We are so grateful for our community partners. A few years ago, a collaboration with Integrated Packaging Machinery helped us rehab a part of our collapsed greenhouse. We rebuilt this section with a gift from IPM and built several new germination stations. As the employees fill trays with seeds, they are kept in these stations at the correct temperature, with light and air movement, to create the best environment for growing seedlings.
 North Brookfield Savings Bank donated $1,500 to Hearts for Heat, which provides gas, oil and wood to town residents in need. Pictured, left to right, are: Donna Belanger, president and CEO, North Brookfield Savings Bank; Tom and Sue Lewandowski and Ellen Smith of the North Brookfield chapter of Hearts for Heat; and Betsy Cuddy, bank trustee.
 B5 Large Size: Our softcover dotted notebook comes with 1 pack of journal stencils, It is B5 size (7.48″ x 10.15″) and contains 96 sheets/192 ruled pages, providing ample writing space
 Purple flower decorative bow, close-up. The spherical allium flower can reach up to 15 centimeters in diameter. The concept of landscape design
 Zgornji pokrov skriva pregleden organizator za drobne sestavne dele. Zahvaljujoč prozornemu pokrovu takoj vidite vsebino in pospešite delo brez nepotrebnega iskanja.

---

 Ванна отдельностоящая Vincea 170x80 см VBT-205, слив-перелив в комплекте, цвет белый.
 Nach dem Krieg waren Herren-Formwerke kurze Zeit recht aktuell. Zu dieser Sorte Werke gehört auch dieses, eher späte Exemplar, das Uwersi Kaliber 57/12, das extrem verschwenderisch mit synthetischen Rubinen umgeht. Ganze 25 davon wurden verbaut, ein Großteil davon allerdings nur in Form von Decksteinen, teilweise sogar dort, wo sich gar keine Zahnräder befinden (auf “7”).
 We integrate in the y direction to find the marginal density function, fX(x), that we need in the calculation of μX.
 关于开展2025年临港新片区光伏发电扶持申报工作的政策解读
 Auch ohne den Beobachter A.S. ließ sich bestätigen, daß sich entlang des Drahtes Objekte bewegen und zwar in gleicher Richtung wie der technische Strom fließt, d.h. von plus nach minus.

■ What you should do
Display each line of the data where "sich" occurs.

■ Answer section
 Nach dem Krieg waren Herren-Formwerke kurze Zeit recht aktuell. Zu dieser Sorte Werke gehört auch dieses, eher späte Exemplar, das Uwersi Kaliber 57/12, das extrem verschwenderisch mit synthetischen Rubinen umgeht. Ganze 25 davon wurden verbaut, ein Großteil davon allerdings nur in Form von Decksteinen, teilweise sogar dort, wo sich gar keine Zahnräder befinden (auf “7”).
 Auch ohne den Beobachter A.S. ließ sich bestätigen, daß sich entlang des Drahtes Objekte bewegen und zwar in gleicher Richtung wie der technische Strom fließt, d.h. von plus nach minus.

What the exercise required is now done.